Royal Belgrade Rugby Club
- KBRK logo
- Full name: Краљевски Београдски Рагби Клуб Kraljevski Beogradski Ragbi Klub
- Nickname: KBRK
- Founded: 2014 (estd. Royal Belgrade R.C.) 1982 (orig. Belgrade R.C.)
- Location: Belgrade, Serbia
- League: Rugby Championship of Serbia

Official website
- mojklub.rs/kbrk/

= Royal Belgrade Rugby Club =

Serbian rugby union club, based in Belgrade

The Royal Belgrade Rugby Club, known as KBRK, (Serbian: Краљевски Београдски Рагби Клуб) is a rugby union team from Belgrade, Serbia. The club was formed in 2014 after a split from the original BRK (Belgrade Rugby Club), which had been founded in 1982. The KBRK is a member of the Rugby Union of Serbia. The team wears a yellow and black kit.

== History ==
The original Belgrade Rugby Club (BRK) was founded on December 20, 1982. The team colours were blue and white and the logo featured a sparrow (Dživdžan). In the early 1990s the club was renamed the Royal Belgrade Rugby Club (KBRK) with the patronage of Prince Alexander II Karađorđević. The team's colours became yellow, brown, and white and the sparrow was replaced by a crown. As KBRK, the club was successful in the nineties and noughties.

In 2012 the club's executive committee decided to return to the name of BRK. The word Royal was removed from the club's name, the colours were reverted to blue and white and a re-styled sparrow replaced the crown. In 2014, the Belgrade Rugby Club (BRK) became Belgrade Rugby Club Red Star (BRK Crvena Zvezda) or BRK Red Star, and the colours were changed to red and white.
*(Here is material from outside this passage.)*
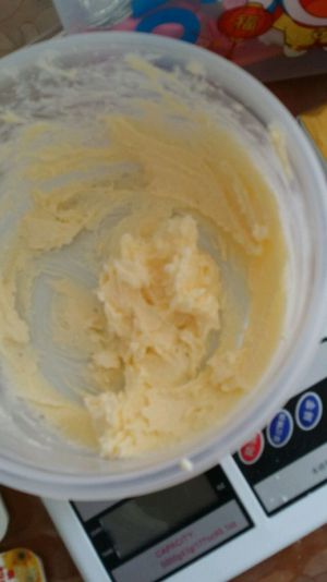 首先说下黄油的打发。很多亲都遇到这个难题~!但是黄油它好在可以反复变软(加温)变硬(放冰箱)的过程~~

A group of former BRK-KBRK members and players were unhappy with these changes and, led by Danijem Stricevicem, decided to split away. A new club was formed under the Royal Belgrade Rugby Club (KBRK) name in 2014.

==Club honours==
The new KBRK does not claim the history of the previous BRK-KBRK, as listed below. — For details on the original Belgrade Rugby Club, see: Belgrade Rugby Club Red Star.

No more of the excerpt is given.